The Kaduna State Government has established Literacy and Vocational Skills Centres to equip victims of substance abuse and mental health challenges with critical life skills.
Under the intervention programmes, Governor Uba Sani has restructured the treatment of substance abuse and mental health into a proactive, integrated, and compassionate public health framework, now internationally recognised as The Kaduna Model.
Director General of the Kaduna State Substance Abuse and Mental Health Services Agency (KADSAMHSA), Dr. Joseph Ike, disclosed this during a press briefing on Wednesday in Kaduna as part of activities marking World Mental Health Day.
“The Rigasa Centre recently graduated 200 children from its six-month foundational literacy programme. The Unguwan Muazu Centre runs an urban agriculture programme in fish farming and horticulture, while the Kawo Centre is set to train 90 adolescents in jewellery making and hardware repair,” he said.
Ike described the reform of the justice system’s response to drug-related offences as one of the most groundbreaking pillars of the Kaduna Model, shifting focus from punitive to rehabilitative measures.
According to him, Kaduna is the first and only jurisdiction in Sub-Saharan Africa to design and implement a comprehensive Alternatives to Incarceration (ATI) programme in partnership with the United Nations Office on Drugs and Crime (UNODC).
The initiative diverts individuals charged with minor, non-violent offences due to substance use disorders away from prison and into mandatory treatment.
“This compassionate and pragmatic approach addresses the root cause of criminal behaviour, breaking the cycle of addiction and incarceration,” Ike said.
He explained that Governor Sani’s administration has replaced the outdated colonial-era framework with a modern, rights-based system of mental healthcare. Central to this reform is the Kaduna State Mental Health Bill, which repealed the oppressive Lunacy Act of 1954 and established mental health as a fundamental human right.
The governor has also adopted the World Health Organization’s Mental Health Gap Action Programme (mhGAP) by integrating mental health into general healthcare. The inaugural training cohort, according to Ike, equipped 100 frontline health workers — including doctors, nurses, and pharmacists from 10 General Hospitals — with skills to diagnose and manage common mental health conditions.
He explained that the Kaduna Model rests on four pillars: Expanding the Frontiers of Care; A Community-First Approach; Investing in Our Future; and A Paradigm Shift in Justice and From Stigma to Support.
The framework, he said, has been formally recognised by the UNODC, positioning Kaduna as a national trailblazer. The state is also set to host the first North West Governors’ Forum on Drug Abuse and Security in collaboration with the UNODC, NDLEA, and other international partners.

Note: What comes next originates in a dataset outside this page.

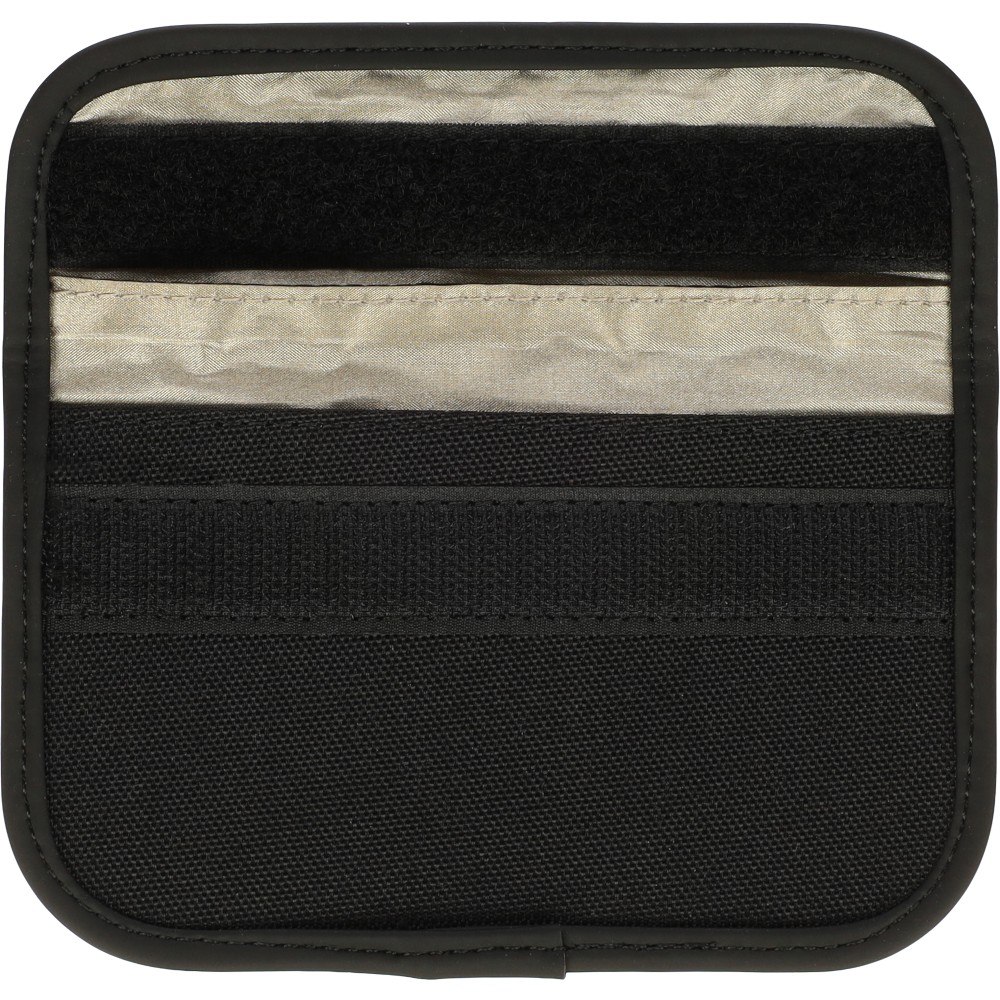 600D poliészter tok tépőzárral, kulcsok és kártyák tárolására tervezve. Újrahasznosított PET (rPET) és PU anyagból készült. Beépített RFID-védelemmel rendelkezik, amely megakadályozza az adathalászatot vagy a kulcsokhoz való illetéktelen hozzáférést. Belső kulcskarikát és tépőzáras fedelet tartalmaz.

Under the Community-First pillar, Ike noted that cost and distance remain major barriers to treatment. To address this, the state established 20 community-based Drop-In Centres within existing Primary Health Care facilities. By offering all services free of charge, over 20,000 clients have received care in the first year alone.
Governor Sani also commissioned the first Community-Based Treatment and Recovery Centre in May 2024, which has provided residential rehabilitation to 116 individuals. Three additional centres are already being developed to expand capacity.
According to Ike, the Kaduna Model also promotes prevention through the Kaduna Children Amplified Prevention System (Kd-CHAMPS) — a framework adapted from the UNODC model to provide resilience-building interventions for children and adolescents, including those out of school.
He added that the Unplugged school-based drug prevention programme, implemented in partnership with the Ministry of Education and supported by the MTN Foundation, has trained over 200 teachers and reached more than 17,000 students with life-skills education.
Kaduna has also become the first location in Africa to implement the UNODC’s LULU sports-based prevention programme at scale, training 32 community coaches and reaching 960 at-risk adolescents during its pilot phase.